Sociedade | 23-12-2022 09:34

Comerciantes do centro histórico de Santarém indignados com acção da ASAE

Comerciantes do centro histórico de Santarém indignados com acção da ASAE

A Associação de Comerciantes de Santarém lamentou o momento e a forma de uma acção inspectiva realizada 22 de Dezembro, nas lojas do centro histórico da cidade pela ASAE, a dois dias do Natal e com clientes a serem atendidos.

A Associação de Comerciantes de Santarém lamentou o momento e a forma de uma acção inspectiva realizada 22 de Dezembro, nas lojas do centro histórico da cidade pela ASAE, “a dois dias do Natal e com clientes a serem atendidos”. O presidente da associação, David Dias, disse à Lusa que os agentes da Autoridade de Segurança Alimentar e Económica (ASAE) entraram nas lojas do centro histórico mostrando os crachás e começando a fiscalizar todo o material e documentação do estabelecimento quando os comerciantes estavam a atender clientes.

“Têm todo o ano para fazer fiscalizações, ou, mesmo num dia como o de hoje, podem escolher horas diferentes ou esperar que os clientes saiam”, declarou, salientando que “os comerciantes não são criminosos” e que, “sempre que alertados, alteram o que tem de ser alterado”. David Dias apontou a “excessiva burocracia” e as dificuldades que os pequenos comerciantes têm para se adaptar à sucessiva legislação, lamentando que a ASAE nunca tenha respondido aos pedidos para participar em sessões de formação e sensibilização, optando por uma ação preventiva antes de avançar para a multa.

“Concordamos com a fiscalização, mas não desta forma.
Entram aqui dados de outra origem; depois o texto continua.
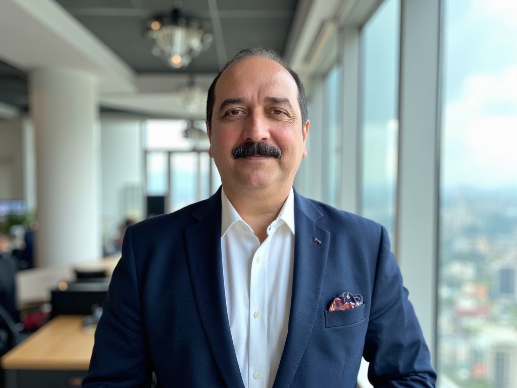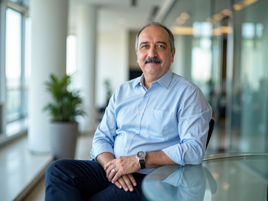 A professional man seated at a glass desk in a contemporary office space, dressed in a light blue dr...

Os pequenos comerciantes são já penalizados com tantas coisas”, declarou David Dias, salientando a importância da época natalícia para a sobrevivência destes pequenos negócios. A proprietária de uma das lojas disse à Lusa que os inspectores entraram no estabelecimento, de pequenas dimensões, quando estava a atender clientes, começando a tirar fotografias e a questionar, nomeadamente, a ausência de datas nas promoções, a falta de um preçário afixado e a “desarrumação”, o que gerou a “indignação” das pessoas que estava a atender. “Quando abri o meu estabelecimento fui pedir informação à ASAE para ter tudo correcto e mandaram-me ler um decreto-lei. Agora dão-me esta prenda de Natal, de passar estes dias em sofrimento, à espera de uma multa que pode ditar o encerramento da minha loja”, disse.